══ Provided data

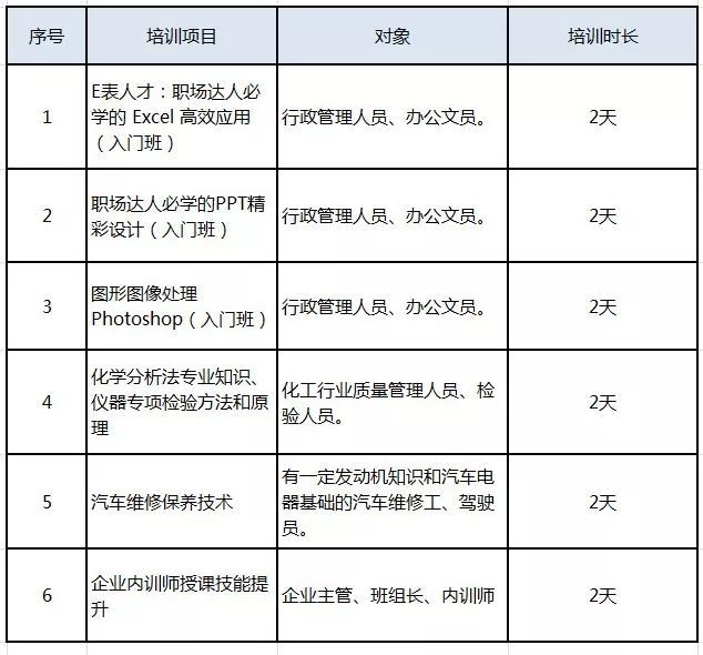 (三)课程安排:从2月份开始,每一项目课程各安排一期,具体课程安排详见附件2。如培训时间有临时调整的,由市职业训练指导中心通知各参训单位。
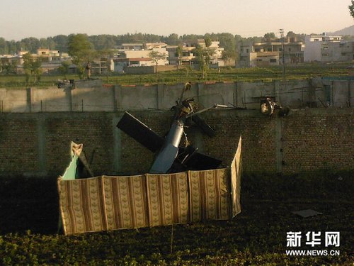 這是5月2日在巴基斯坦阿伯塔巴德拍攝的一架墜毀直升機的殘骸。新華社發(fā)(卡馬爾攝)
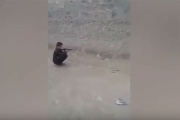 En las imágenes se puede apreciar la tranquilidad con la que el menor empuña el rifle, apunta sobre la lata que estaba en la cabeza de otro niño, y dispara.

════

:: Exercise brief ::
Every line of the listing above is to be set down verbatim, without the pictures.

:: Response to this task ::
 (三)课程安排:从2月份开始,每一项目课程各安排一期,具体课程安排详见附件2。如培训时间有临时调整的,由市职业训练指导中心通知各参训单位。
 這是5月2日在巴基斯坦阿伯塔巴德拍攝的一架墜毀直升機的殘骸。新華社發(fā)(卡馬爾攝)
 En las imágenes se puede apreciar la tranquilidad con la que el menor empuña el rifle, apunta sobre la lata que estaba en la cabeza de otro niño, y dispara.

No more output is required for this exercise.